The film was a first try for me and a very new venture for Louise. I enjoyed it. I want to make more films. I want to make more art. I need to get a video recorder.
I think for a weeks worth of filming the film’s pretty good. Excited at the idea of making films in collaboration with Louise again and also with a load of people.
jennifer mcdonald, louise woodcock film – womb soundtrack
Following a week’s residency the film Jennifer McDonald and Louise Woodcock produced was screened on Sunday.
The film’s fairly brief at present – around 3 minutes – but was looped something like four times to a live soundtrack provided by a minimal line-up of Womb. Just Jennifer, Emily and Whitney. Louise was working so unable to attend.
Much of the material was shot around Pendle Hill – associated with the famous witch-trials – and involved ritual actions with bones and hair. There are obvious superficial similarities to Derek Jarman and Andrew Kötting’s Gallivant. But the film mostly looks and feels different from both those comparisons.
To me the film feels like it has a more contemporary sensibility. Jarman was rooted in a 60s/70s queer/avant-garde aesthetic. Gallivant from the mid-90s seems closer to the 80s films of Chris Petit and Patrick Keiller. For me Jennifer and Louise’s film is closer to some more recent video installations I’ve seen.
I’ll expand on that a little I think – there are a few ideas packed into that last sentence. I have noticed in a lot of recent video installations a convergence between the old idea of video installations – where a single or limited number of ideas are explored, more conventional narrative filmmaking, and documentary filmmaking. At the same time certain narrative filmmakers and documentarists – Gus Van Sant, Lynne Ramsay, Claire Denis, and Adam Curtis for example produce images and films that might be as much at home in the gallery. Others, prominently Apichatpong Weerasethakul, work happily between the two contexts.
And as digital cameras reduce in weight and cost while increasing in quality, at the same time as mainstream cinema and tv continue to raid the aesthetic of mobile phones/cheap digital cameras/CCTV for a bogus ‘authenticity’ it can be less easy to visually differentiate the expensive from the cheap.
Installations are becoming less static, more technically and editorially ambitious. Again aided by afforable technology. The film as it currently stands could sit happily as an installation or (part of) a more conventional narrative or documentary film.

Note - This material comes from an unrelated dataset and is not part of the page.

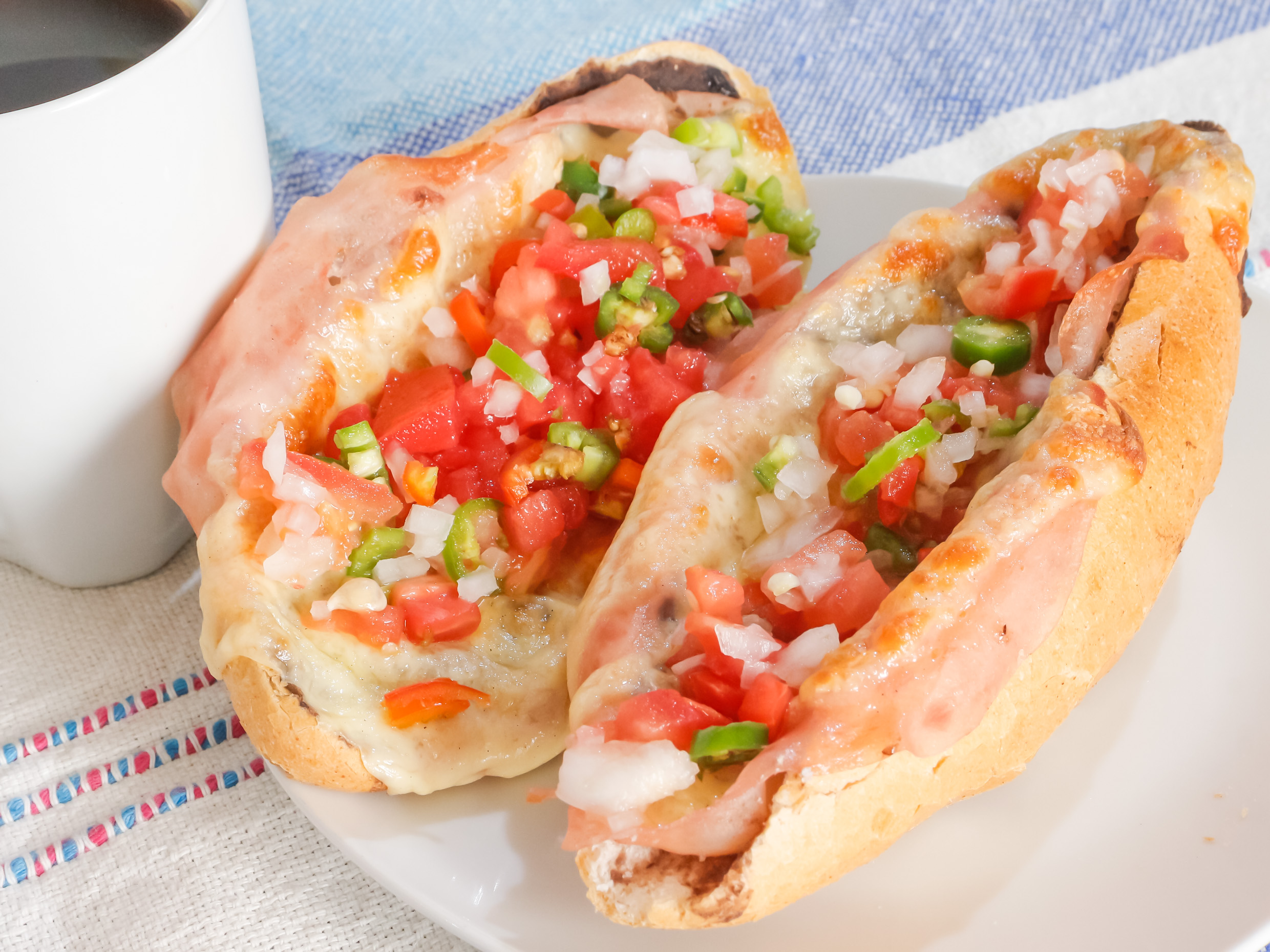 Molletes con frijoles, jamón, queso manchego, longaniza y pico de gallo.

I also feel – though I’ll immediately question this – that the film has a less masculine sensibility than my initial comparisons of Jarman and Kötting. To Jennifer and Louise I also mentioned that I felt I could see hints of Andrei Tarkovsky and Benjamin Christensen’s Häxan.
Taking that contentious ‘less masculine sensibility’ first, what I mean is that it seems to be less linear, less interested in explaining itself, less about showing off than the work of male directors. But at the same time I was irritated when VS Naipaul recently claimed he could tell male from female writers within a paragraph, and that male writers were better. I also think there’s a danger of gender essentialism in claiming to see differences. Besides which I know who the filmmakers were in all these cases – so any traits that might be detected are informed by already knowing the artist’s gender.
The hints of Tarkovsy are in the meditative nature of some of the shots – especially the convex mirror, and the cross installation. The hints of Häxan are in the subject matter, and in the critique of religion’s approach to women and witchcraft – explicit in Häxan, implicit in Jennifer and Louise’s film.
The soundtrack to the film by the reduced line-up of Womb was great. The more I’ve listened back to it the less it sounds improvised. It also feels a lot less than 13 minutes long.
One of the main things I like about the soundtrack is that it combines two extremes of Womb’s sound. There’s the highly structured, musical side of things – and the looser, rhythmic, noise-making elements – with none of the shades that usually intervene between the two.
I also liked that the sounds don’t mimic images onscreen. They stand in independent relationship to the film. Although the pace and the changes in the sound perhaps reflect the edits and the tempo of the film.
It was interesting to hear what was effectively a more contemplative Womb in a different context from their usual performances in pubs and clubs. There was a greater freedom to allow nuance and space into the music, to let it drift and breathe more than it usually can.
I got a handful of honestly rather shite photos for Jennifer and recorded the soundtrack (see here). I understand the film – possibly with soundtrack will make it online at some point. For a week’s work, and a first attempt (I guess second for Louise) at making film it’s bloody impressive.